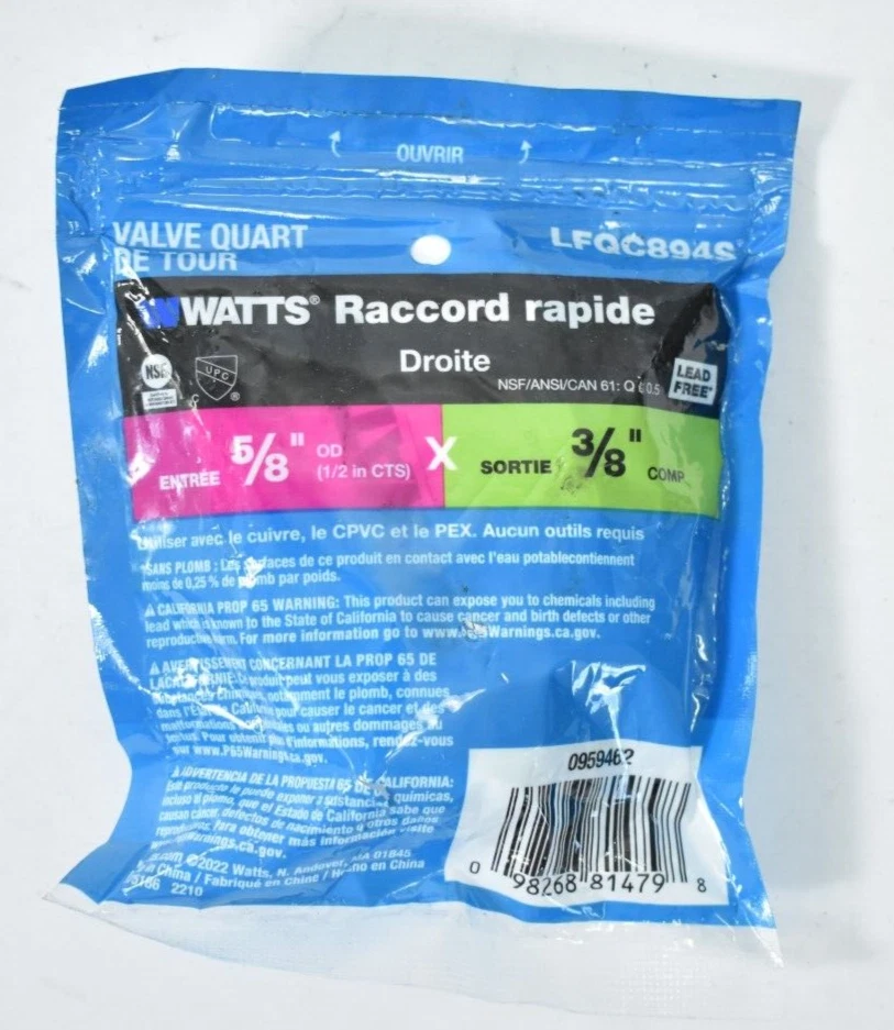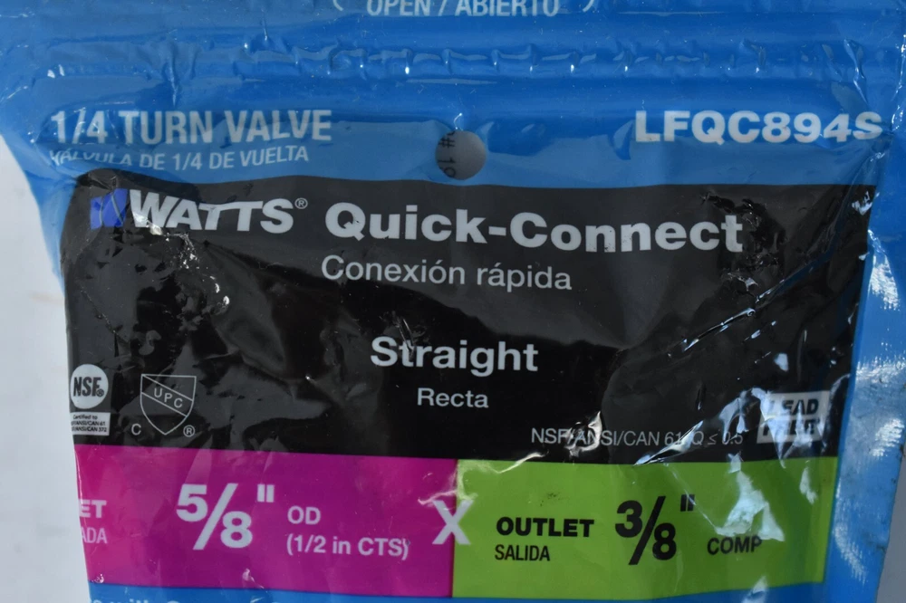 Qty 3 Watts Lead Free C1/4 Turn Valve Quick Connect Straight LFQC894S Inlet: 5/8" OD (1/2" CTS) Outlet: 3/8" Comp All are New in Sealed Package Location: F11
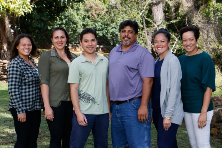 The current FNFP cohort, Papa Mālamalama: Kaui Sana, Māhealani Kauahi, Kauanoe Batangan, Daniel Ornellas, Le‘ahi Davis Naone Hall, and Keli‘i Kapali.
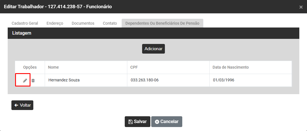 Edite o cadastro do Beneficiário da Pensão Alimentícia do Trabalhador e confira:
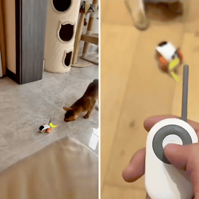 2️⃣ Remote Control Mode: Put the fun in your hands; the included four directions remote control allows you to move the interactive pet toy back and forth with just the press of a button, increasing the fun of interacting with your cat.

──────────

> _EXERCISE BRIEF_
Only the lines from the beginning of the listing up to and including the line with "Edite o cadastro" should appear in the reply, copied word for word and free of pictures.

> _REPLY TO THE TASK_
 Qty 3 Watts Lead Free C1/4 Turn Valve Quick Connect Straight LFQC894S Inlet: 5/8" OD (1/2" CTS) Outlet: 3/8" Comp All are New in Sealed Package Location: F11
 The current FNFP cohort, Papa Mālamalama: Kaui Sana, Māhealani Kauahi, Kauanoe Batangan, Daniel Ornellas, Le‘ahi Davis Naone Hall, and Keli‘i Kapali.
 Edite o cadastro do Beneficiário da Pensão Alimentícia do Trabalhador e confira:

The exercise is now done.